Task prompt>
Drop every picture. Return the rest of the entries exactly.

Provided entries>
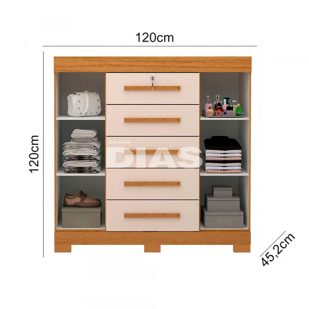 A Cômoda Diana da Acp é uma excelente opção para seu quarto porque permitirá que você organize uma grande quantidade de roupas.
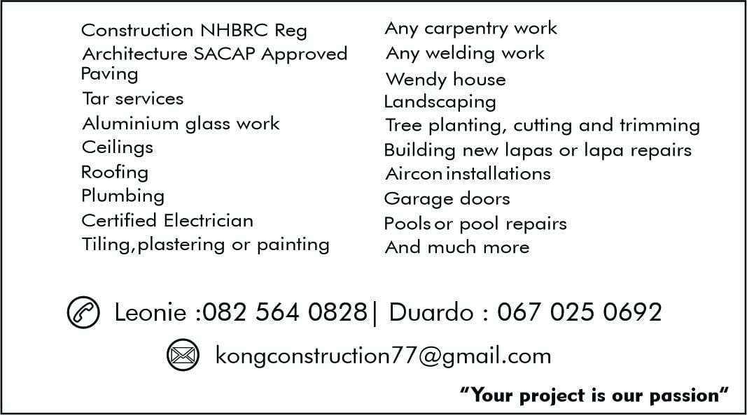 We value the relationships we built with our customers over the years that's why we deliver the utmost best service and customer consultations, so our customers can make informed decisions. At Kong Construction we build careers!
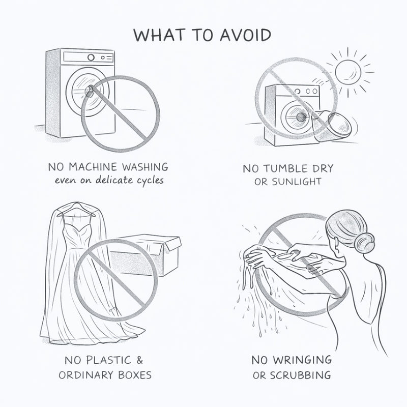 Silk is a luxurious yet highly delicate fabric. Improper care can cause irreversible damage, so it’s important to avoid these common mistakes when handling your wedding dress:
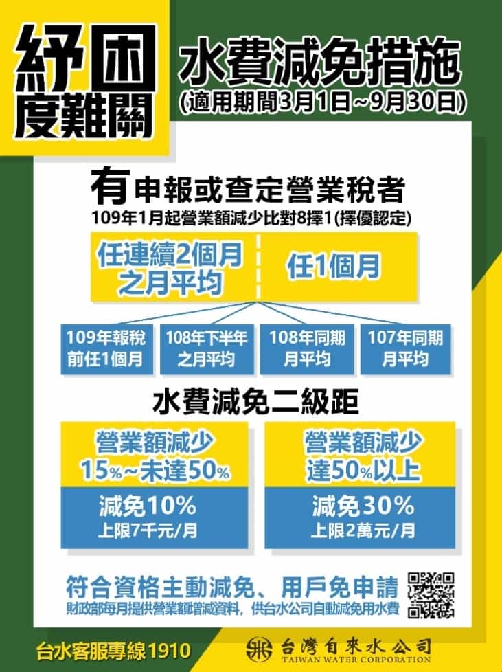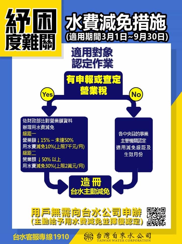 台灣自來水公司依照3月12日發布的「經濟部對受嚴重特殊傳染性肺炎影響發生營運困難產業事業紓困振興辦法」規定,針對製造業、服務業及其他經主管機關認定之產業,主動辦理用水費減免,減免自109年3月1日起的水費,只要是有商業登記且經國稅局比對營業額減少符合的用水戶,無需申請,即可在5月份以後的水費單據獲得減免。
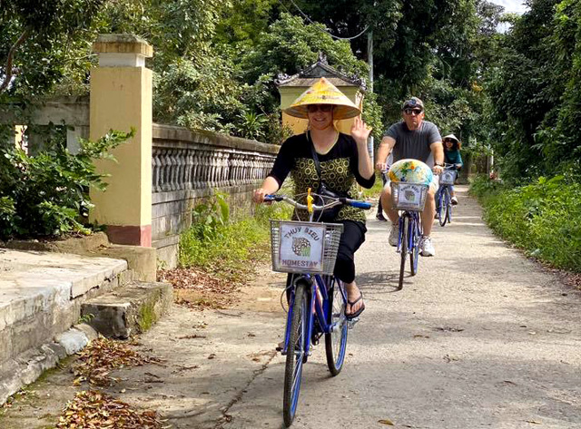 Đoàn khảo sát thích thú khi được đạp xe qua các con đường quê yên bình ở Huế
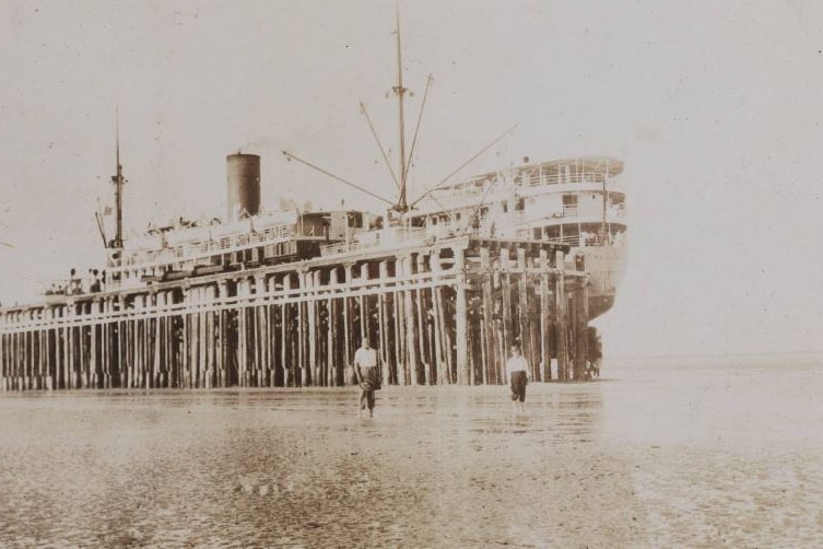 The MV Koolinda docked in low tide at Broome in March 1931.
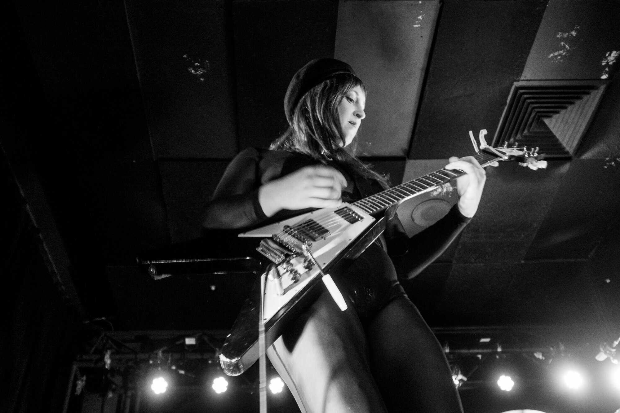 It’s a sold out crowd tonight, and Tuning fork is now full, with the merch table doing a roaring trade in Mannequin Pussy t-shirts and Pussy caps. As the band members check their gear (in true punk rock fashion Swallow The Rat were welcome to use their backline) the murmur of anticipation darts around the room. It’s a gentle start with the emotive keys of I Don’t Know You wafting, as it builds to a controlled crescendo of noise, the keys still creating pop-sensibility. It’s the first of four songs from I Got Heaven.
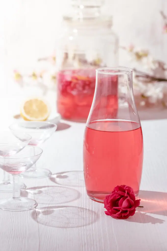 - Verschenke den Rosen Sirup in kleinen Flaschen. 200 bis 300 ml reichen locker, um 4 schöne Cocktails oder Aperitifs damit aufzupeppen.
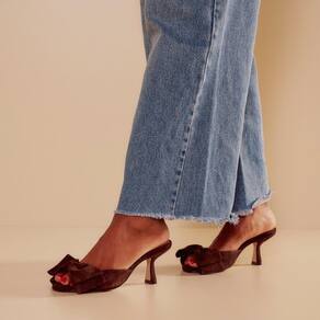A expertise de Luiza Barcelos encontra a visão de estilo de Thássia Naves nesta sandália mule com maxi laço frontal e salto lapidado. Confeccionada em camurça de cabra no tom marrom café, o modelo apresenta bico redondo alongado, que adiciona charme, romantismo e sofisticação à peça.
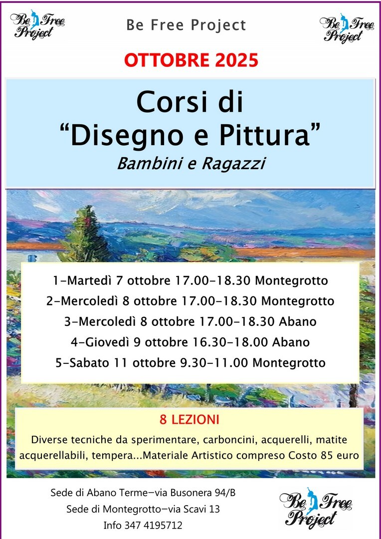 - Se il corso scelto viene confermato dalla Be Free Project il saldo va effettuato entro una settimana dall'inizio corso
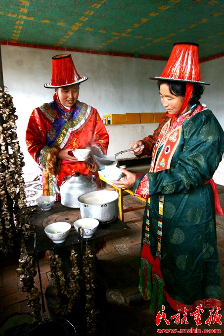 酥油奶茶是裕固族招待貴客的飲料,它們能夠幫助遠(yuǎn)道而來(lái)的客人抵御風(fēng)寒
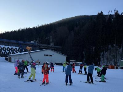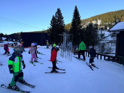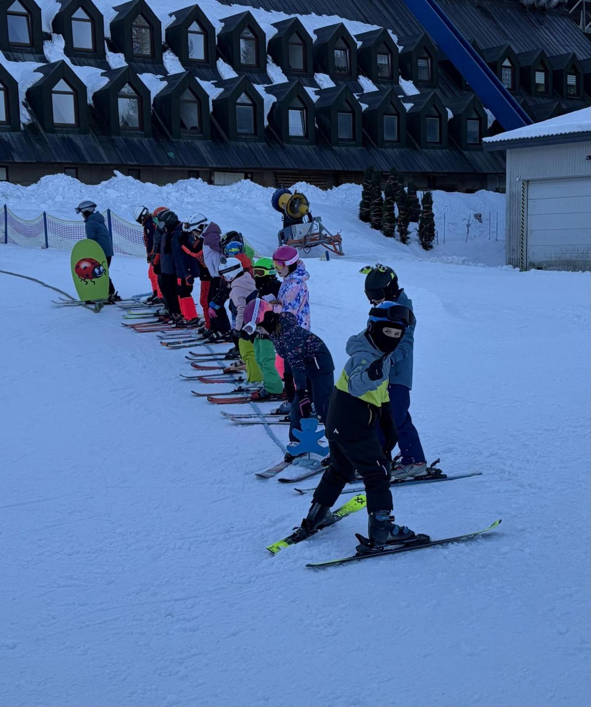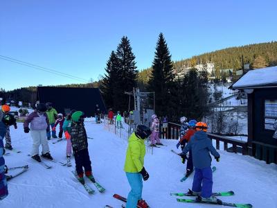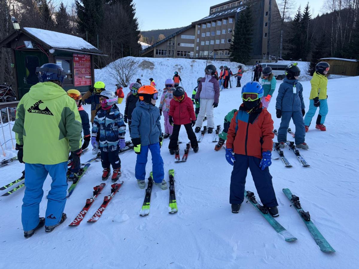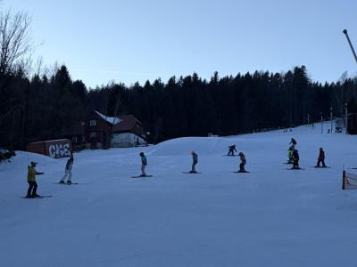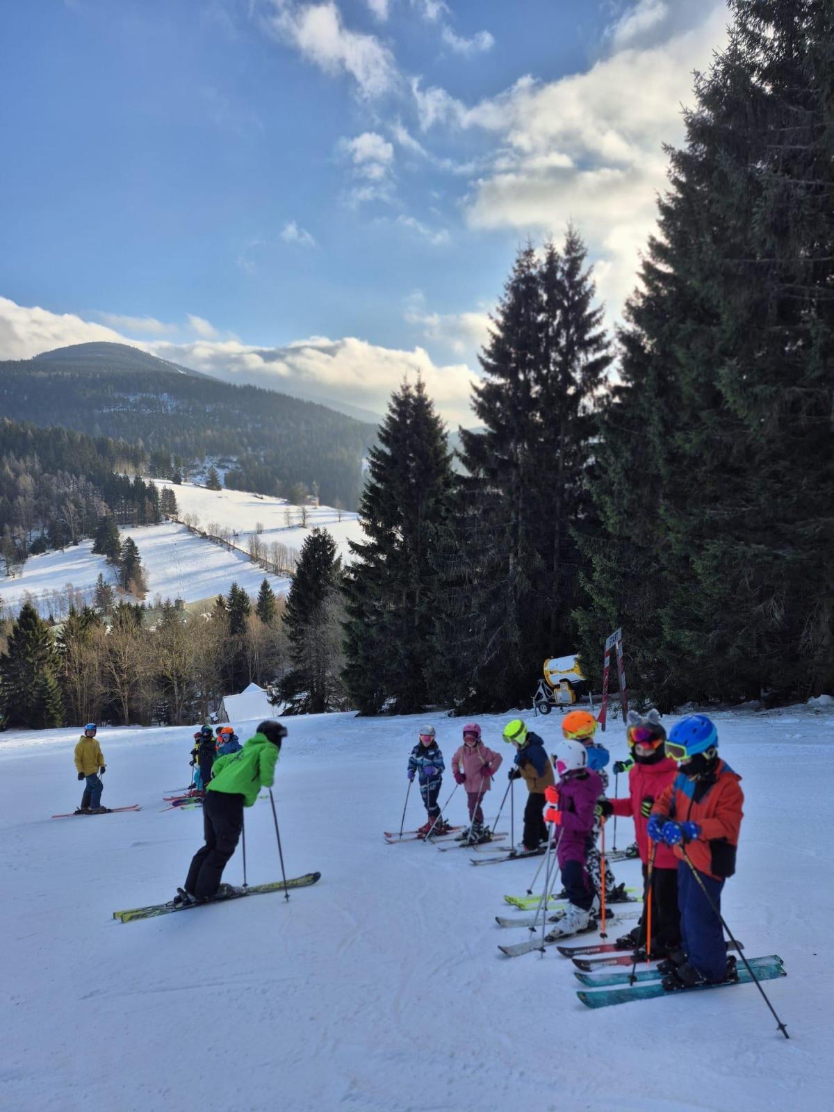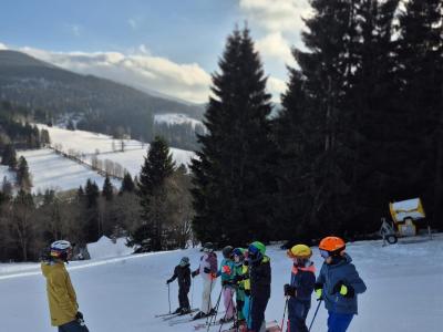 První den lyžování máme zdárně za sebou.. Dojeli jsme v pořádku, ubytovali jsme se, najedli a vyrazili ven. První lyžování jsme všichni statečně zvládli, začátečníci trénovali na mírném kopečku a pohyblivém koberci a ostatní na sjezdovce a vleku u hotelu pod dohledem instruktorů. Počasí bylo v pořádku, jsjezdovka byla místy zledovatělá, ale všichni se s tím poprali výborně. Zítra nás čeká lyžování dopoledne i odpoledne a po večeři budeme psát dopisy.
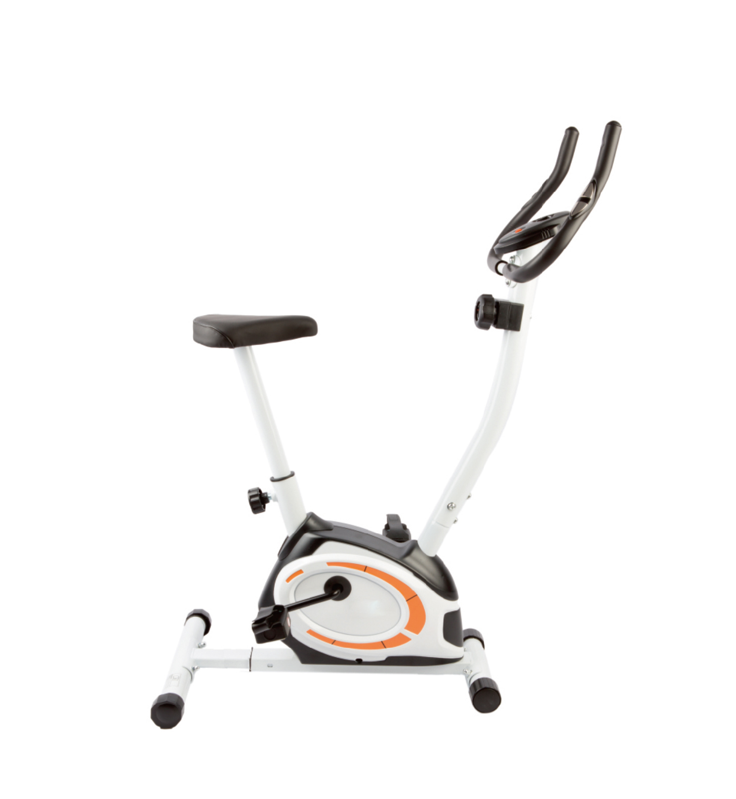 Маховик велотренажера магнитный 3 кг. На руле считывающие датчики. Компьютер LCD 5 функций: время, скорость, расстояние, калории. Пульс. Режим сканирования тренировки. Комфортное седло, регулируется по вертикали, педали с фиксирующими ремнями, одно информационное окно компьютера.

Reply>
 A Cômoda Diana da Acp é uma excelente opção para seu quarto porque permitirá que você organize uma grande quantidade de roupas.
 We value the relationships we built with our customers over the years that's why we deliver the utmost best service and customer consultations, so our customers can make informed decisions. At Kong Construction we build careers!
 Silk is a luxurious yet highly delicate fabric. Improper care can cause irreversible damage, so it’s important to avoid these common mistakes when handling your wedding dress:
 台灣自來水公司依照3月12日發布的「經濟部對受嚴重特殊傳染性肺炎影響發生營運困難產業事業紓困振興辦法」規定,針對製造業、服務業及其他經主管機關認定之產業,主動辦理用水費減免,減免自109年3月1日起的水費,只要是有商業登記且經國稅局比對營業額減少符合的用水戶,無需申請,即可在5月份以後的水費單據獲得減免。
 Đoàn khảo sát thích thú khi được đạp xe qua các con đường quê yên bình ở Huế
 The MV Koolinda docked in low tide at Broome in March 1931.
 It’s a sold out crowd tonight, and Tuning fork is now full, with the merch table doing a roaring trade in Mannequin Pussy t-shirts and Pussy caps. As the band members check their gear (in true punk rock fashion Swallow The Rat were welcome to use their backline) the murmur of anticipation darts around the room. It’s a gentle start with the emotive keys of I Don’t Know You wafting, as it builds to a controlled crescendo of noise, the keys still creating pop-sensibility. It’s the first of four songs from I Got Heaven.
 - Verschenke den Rosen Sirup in kleinen Flaschen. 200 bis 300 ml reichen locker, um 4 schöne Cocktails oder Aperitifs damit aufzupeppen.
A expertise de Luiza Barcelos encontra a visão de estilo de Thássia Naves nesta sandália mule com maxi laço frontal e salto lapidado. Confeccionada em camurça de cabra no tom marrom café, o modelo apresenta bico redondo alongado, que adiciona charme, romantismo e sofisticação à peça.
 - Se il corso scelto viene confermato dalla Be Free Project il saldo va effettuato entro una settimana dall'inizio corso
 酥油奶茶是裕固族招待貴客的飲料,它們能夠幫助遠(yuǎn)道而來(lái)的客人抵御風(fēng)寒
 První den lyžování máme zdárně za sebou.. Dojeli jsme v pořádku, ubytovali jsme se, najedli a vyrazili ven. První lyžování jsme všichni statečně zvládli, začátečníci trénovali na mírném kopečku a pohyblivém koberci a ostatní na sjezdovce a vleku u hotelu pod dohledem instruktorů. Počasí bylo v pořádku, jsjezdovka byla místy zledovatělá, ale všichni se s tím poprali výborně. Zítra nás čeká lyžování dopoledne i odpoledne a po večeři budeme psát dopisy.
 Маховик велотренажера магнитный 3 кг. На руле считывающие датчики. Компьютер LCD 5 функций: время, скорость, расстояние, калории. Пульс. Режим сканирования тренировки. Комфортное седло, регулируется по вертикали, педали с фиксирующими ремнями, одно информационное окно компьютера.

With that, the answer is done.